Busiest European routes from VLC (2025)
| Rank | Destination | Passengers | Change 2024/25 |
| 1 | Amsterdam | 559.245 | +15,9% |
| 2 | Rome–Fiumicino | 523.487 | +20,1% |
| 3 | Paris–Orly | 418.180 | +2,7% |
| 4 | Milan-Malpensa | 294.226 | +80,7% |
| 5 | Bergamo | 287.976 | +14,3% |
| 6 | Frankfurt | 285.282 | +12,7% |
| 7 | London-Gatwick | 279.963 | -3,6% |
| 8 | Eindhoven | 258.292 | +1,9% |
| 9 | London–Stansted | 250.362 | +17,0% |
| 10 | Zurich | 229.558 | -11,7% |
| 11 | Paris-Charles de Gaulle | 228.399 | +32,7% |
| 12 | Istanbul | 227.313 | +8,7% |
| 13 | Brussels | 210.085 | -4,5% |
| 14 | Bologna | 193.825 | +5,8% |
| 15 | Lisbon | 188.024 | +4,5% |
| 16 | Porto | 175.370 | +38,3% |
| 17 | Vienna | 173.837 | +8,7% |
| 18 | Budapest | 171.083 | +56,7% |
| 19 | Kraków | 158.028 | +55,5% |
| 20 | Charleroi | 142.060 | +14,7% |
Source: Estadísticas de tráfico aereo

Busiest intercontinental routes from VLC (2025)
| Rank | Destination | Passengers | Change 2024/25 |
| 1 | Marrakech | 123.448 | +39,9% |
| 2 | Tangier | 84.446 | +73,2% |
| 3 | Fez | 42.301 | +69,0% |
| 4 | Casablanca | 33.342 | +21,5% |
| 5 | Agadir | 17.141 | -30,4% |
Source: Estadísticas de tráfico aereo

Busiest domestic routes from VLC (2025)
| Rank | Destination | Passengers | Change 2024/25 |
| 1 | Palma de Mallorca | 663.015 | -7,7% |
| 2 | Madrid | 382.101 | +0,7% |
| 3 | Ibiza | 318.577 | -8,7% |
| 4 | Seville | 286.882 | -2,4% |
| 5 | Bilbao | 204.625 | +2,2% |
| 6 | Málaga | 202.120 | +22,3% |
| 7 | Tenerife-North | 184.234 | +9,8% |
| 8 | Gran Canaria | 162.406 | +41,2% |
| 9 | Santiago de Compostela | 149.771 | -9,3% |
| 10 | Menorca | 104.361 | +0,5% |
| 11 | Asturias | 96.004 | +32,0% |
| 12 | Tenerife-South | 48.913 | +0,1% |
| 13 | Lanzarote | 47.287 | +5,5% |
| 14 | Santander | 38.517 | +8,3% |
| 15 | Barcelona | 31.600 | +5,0% |
| 16 | A Coruña | 29.603 | -2,6% |
| 17 | Vigo | 9.854 | +94,1% |
| 18 | San Sebastián | 3.203 | -85,2% |
| 19 | Badajoz | 1.736 | +29,2% |
| 20 | León | 1.482 | +798,2% |
Source: Estadísticas de tráfico aereo

== Ground transport ==

===Road===
Valencia airport is situated adjacent to the Autovía A-3 highway which connects Valencia with Madrid and is also close to the Autovía A-7 coastal route to Barcelona.
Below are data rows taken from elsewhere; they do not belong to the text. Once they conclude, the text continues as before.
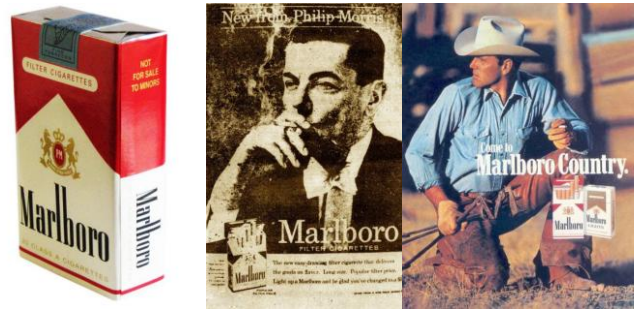
Fig. 2. Wild Western cowboy become Marlboro's new image.

Since then, the wild and gentle Marlboro was gone, replaced with a bold and rough Marlboro. In 1955, Marlboro won the country's top ten cigarette brand. In 1968, Marlboro single-brand market share rose to the second place in the country's tobacco industry. In 1975, Marlboro on the first place of the cigarettes sales in the United States. The mid-1980s, Marlboro became the leading brand in the world tobacco industry. In 1989, Marlboro sold worldwide 318 billion cigarettes, it is larger than the bottled Coca-Cola or canned Campbell Soup. "Fig. 2"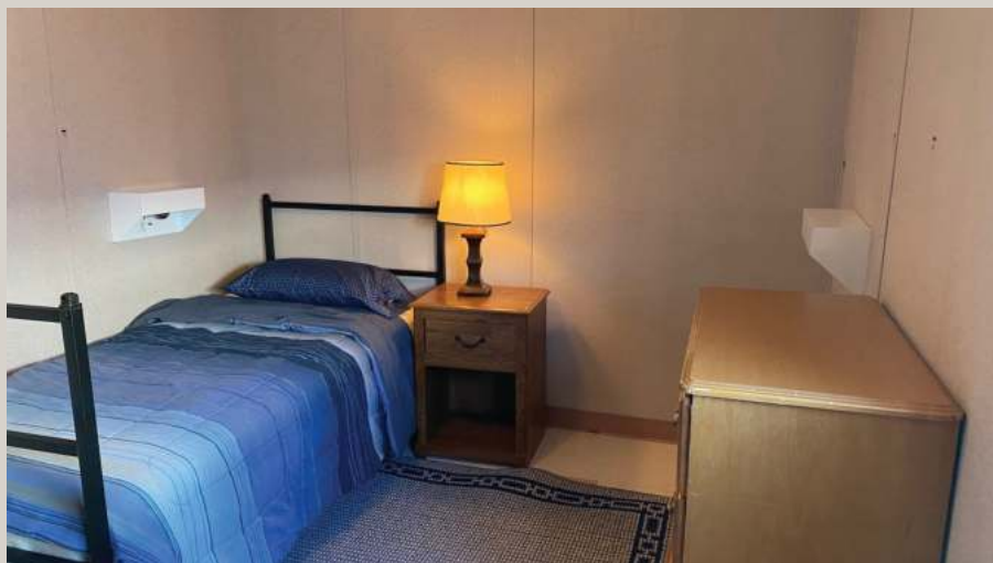
A boy's room is getting ready to welcome Ukrainian families to the portable units.

The children are attending school which is going very well academically and gaining new friends. All of the families are progressing along with the immigration process and continued paperwork required under United for Ukraine.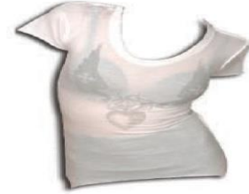
Baju Jarang dan Ketat Tight and See-Through Clothes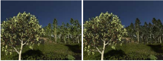
Figure 8: Adaptive transparency. a) Computing all ray segments until a non-transparent part is hit. b) Transparency replaced by the weighted average leaf color for distant leaf geometry.

structure of natural scenes required significant improvements to the rendering engine to achieve acceptable frame rates. Dense packaging, especially of small plant species, causes strong overlap between the bounding boxes of these plants. This significantly reduces the efficiency of the top-level spatial index and consequently reduces ray tracing performance. Even worse, countless small leaves textured with alpha-maps result in extremely high ray recursion levels of more than 30 segments per primary or secondary ray.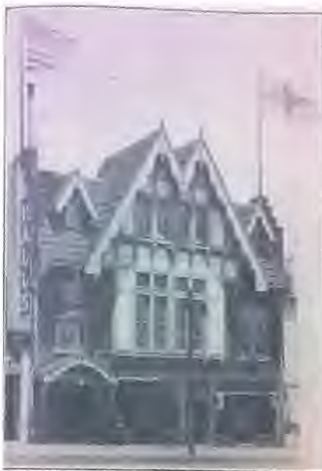
Swedish American Hall, 2174 Market Street, San Francisco. (reproduced 1907)

It's an exciting new chapter for the hall, built in 1907. The Gold Rush brought an influx of Swedes to San Francisco, who formed several fraternal groups in an effort to preserve customs and simply find people to speak their own language with. One such group was the Swedish Society of San Francisco, which started in 1873 as a choral group called the Original Orpheus Singing Club, and sang traditional Swedish songs like " Klara stjärnor " ( https://www.youtube.com/watch?v=UlvI5WvSZZY ) and " Sångarfanan " ( https://www.youtube.com/watch?v=YmIZWWjxxo ). Like many organizations of the time, they soon became more of a traditional fraternal organization, offering their members sick benefits and burial services in exchange for dues of a dollar per month.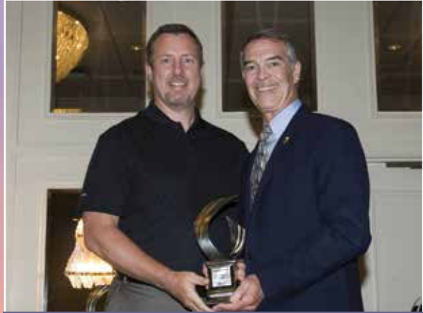
JLG Industries, Inc. Siemens Industry, Inc. - Building Technologies Division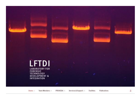
Laboratory for Forensic Technology Development & Integration <u>Website</u>

prototype. In 2014, the team received a DOD Rapid Innovation Fund award to improve the models and advance the prototype. Along with producing NOCIt, the team made all mixture data available to the forensic community via the Project Research Openness for Validation with Empirical Data (PROVEDIt) database. PROVEDIt has been used in 19 distinct studies, including the National Institute of Standards and Technology's MIX13 study and STRMix's Collaborative Exercise on DNA Mixture Interpretation.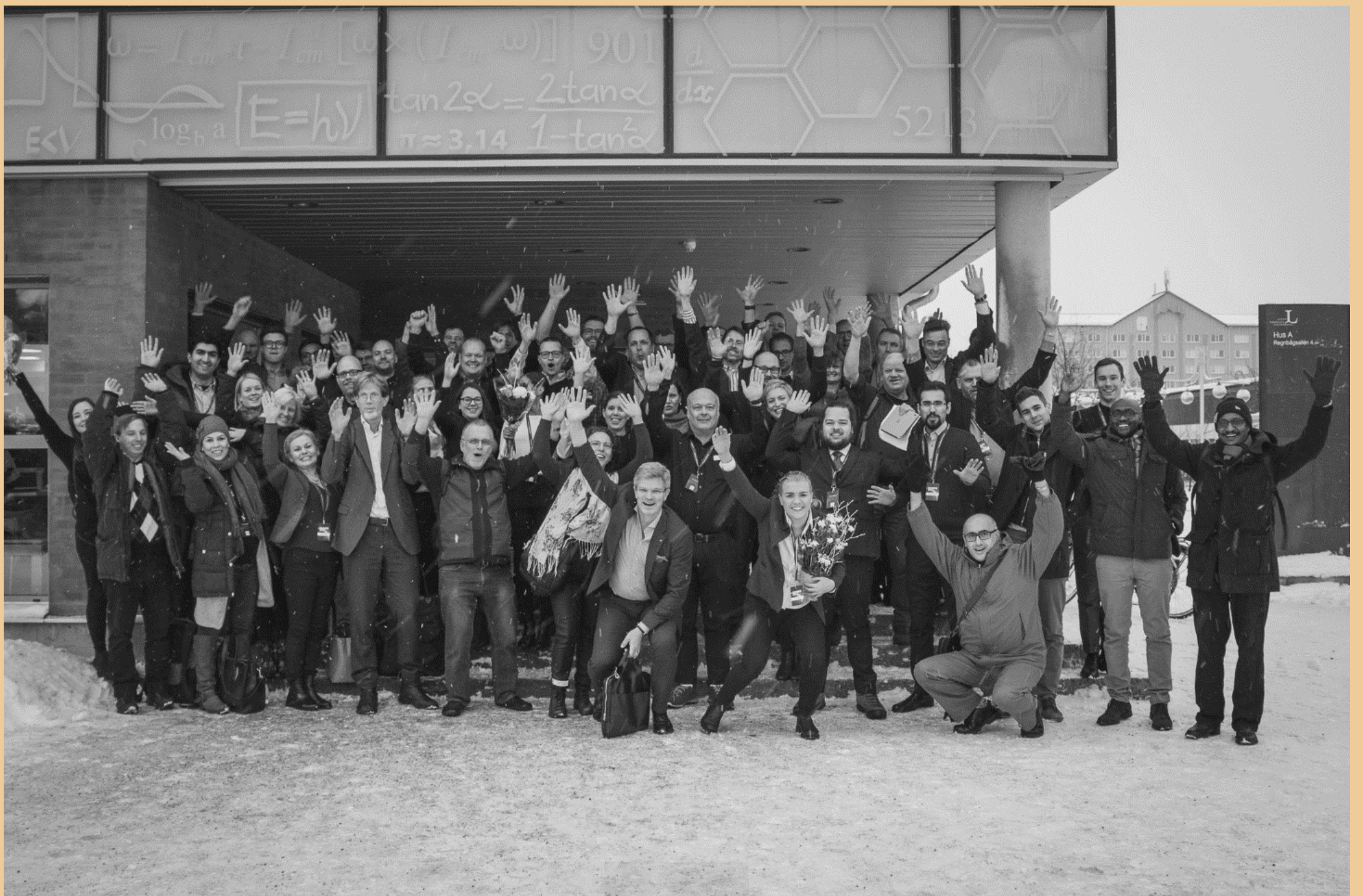
Participants at last years conference in Luleå, Sweden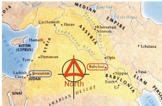
Nebuchadnezzar King of Babylon was called the King of the North.

Between Jerusalem and Babylon is, the Arabian Desert.

It is connected to the city of Valencia by a regular bus line operated by Fernanbus which takes between 30 and 35 minutes and passes through Mislata, Quart de Poblet and Manises.

===Rail===
The metro network Metrovalencia with lines 3 and 5 on the airport station connects the airport to the city centre (15 minutes), the main railway station of the city Estació del Nord (20 minutes) and the port of Valencia (30 minutes).